You have to accept that there is no guarantee that you will not end up choosing an unusual name that ends up being the most popular name of that year.

I find the idea of striving for a unique name more ridiculous than naming a child any of the suggested popular names because you like them.

Mrsindecision Sun 27-Oct-13 16:07:20

I've just looked at the Telegraph birth announcements for 2012 and Isla was actually in joint 6th position along with Charlotte. Lily was also in joint 19th along with Poppy, Flora and Sophia so I'm not sure where you've got your information from Newbie?? smile

SharpLily Sun 27-Oct-13 16:01:30

In the end, how you feel about the name is more important than what some poll says about its current popularity.

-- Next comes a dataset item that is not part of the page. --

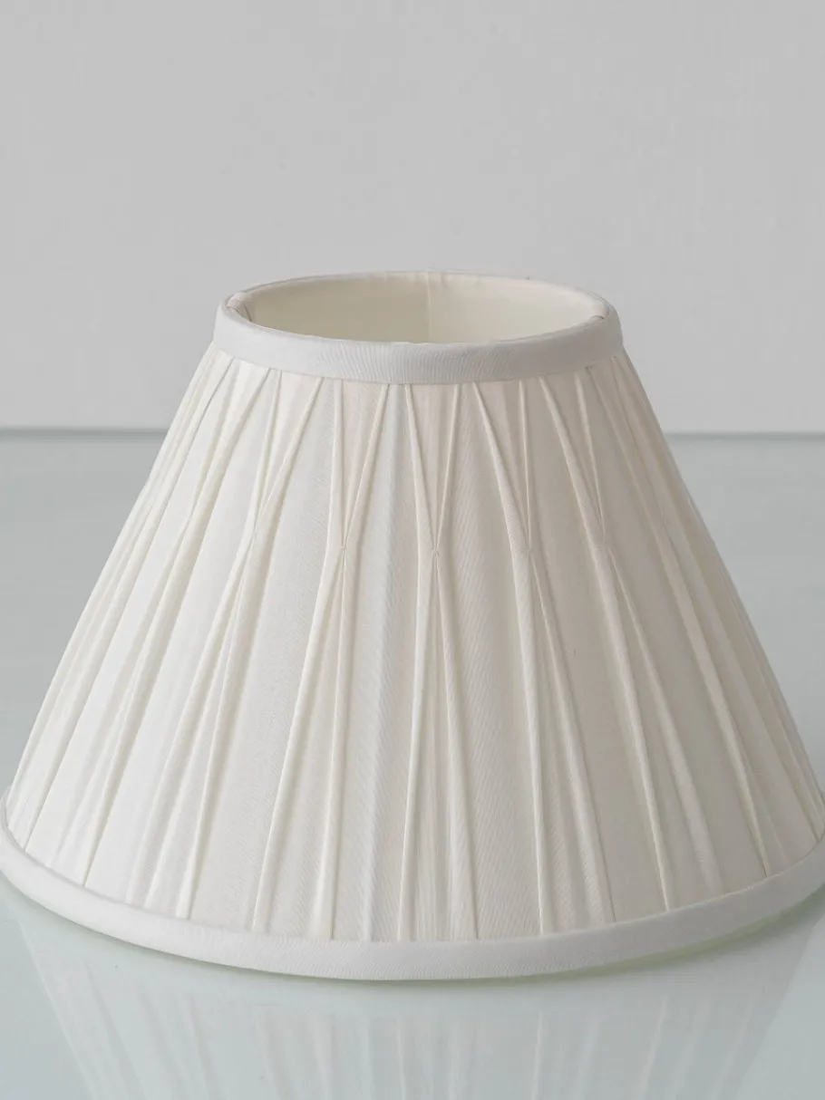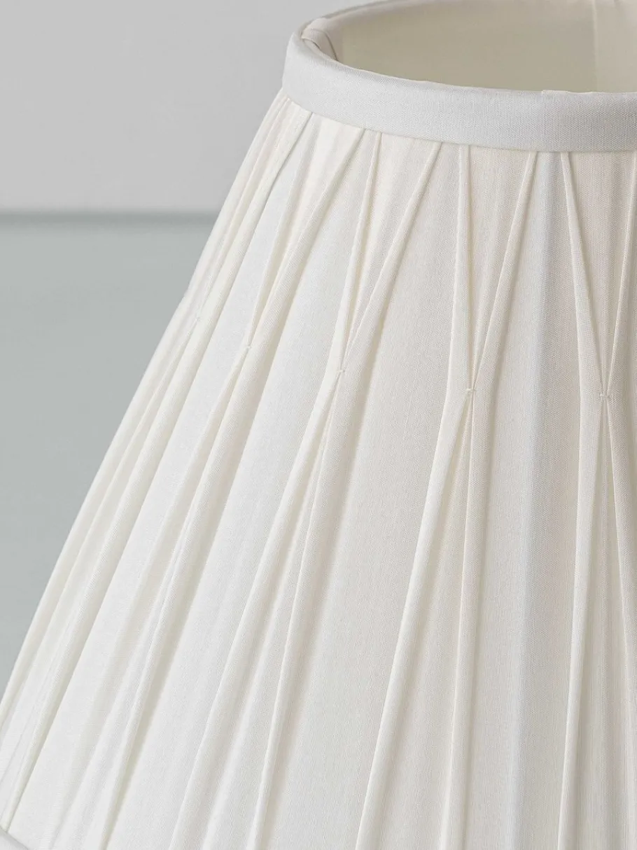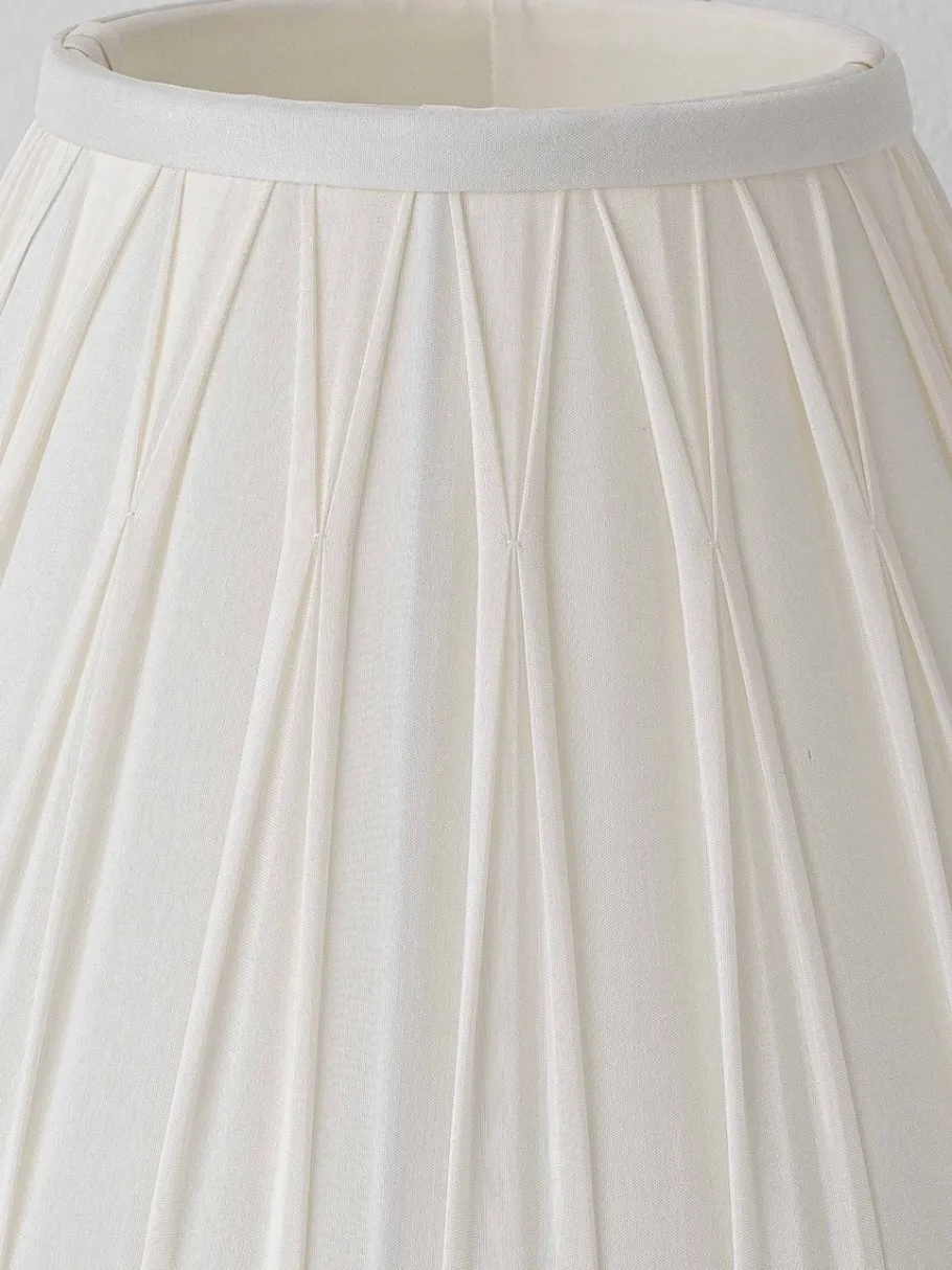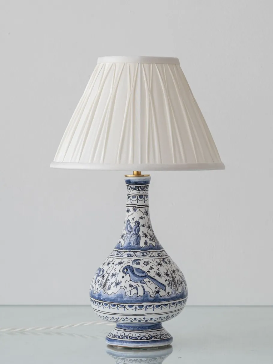Paired with a new pleated white silk shade, the lamp offers a soft, beautiful light. Its versatile palette suits coastal, classic, and eclectic interiors, while the playful folkloric motifs add warmth and charm to any room, perhaps even a nursery or children’s room.

If you love it, it's the right one, no matter what fashion dictates.

I have the same worries - I've ruled a number of names I actually really like just because they've been used on Eastenders, Corrie etc. Bit pissed off now because my dear nan's name, which I'd love to use, has become fashionable and that means I see it being abused by people who can't spell on Facebook and used in conjunction with phrases like 'my lil princess', which gives me the horrors. I'm looking for a name that's not wacky and far out but which I will never hear said by Bianca Jackson or a Hollyoaks character.

NewbieMcNewbie Sun 27-Oct-13 15:45:30

That's a good point about it bring geographical - and also, dare I say, social? Look at the Telegraph birth announcements. Very few Islas, Lilys and Avas but lots of Florences, Matildas and Alices. I was asking about a name on here that is somewhere in the high 200s and was surprised to find several MNers had DDs with that name.

Also there is a lot more variety in names now compared to 50 yrs ago so actually fewer children have top 10 names.

sandberry Sun 27-Oct-13 14:48:02

I think in the modern world with email addresses, it is sensible to avoid common name surname combinations to save your DD having all her emails sent to a different Emily Smith. No one can ever remember that the Emily Smith they know is emilysmith4@xyz.com. This is particularly an issue if she works for a large organization like the NHS.

For the same reason it is good to avoid uncommon spellings of traditional names or names which are very unusual as nobody can remember that Emily Smith is actually Emalee Smith or how to spell a very unusual name.

So no I think you are right if you have a common surname to avoid popular names like Charlotte, Sophia etc and modern trends like Isla and Darcy and go for less common but easy to spell names.

TheBookofRuth Sun 27-Oct-13 10:20:00

The thing is, a lot of it is geographical. According to national statistics, DD's name isn't even the top 100 - but I've recently met another 3 around her age locally. So you might think you've picked a less popular name, only to find several other people have had the same idea!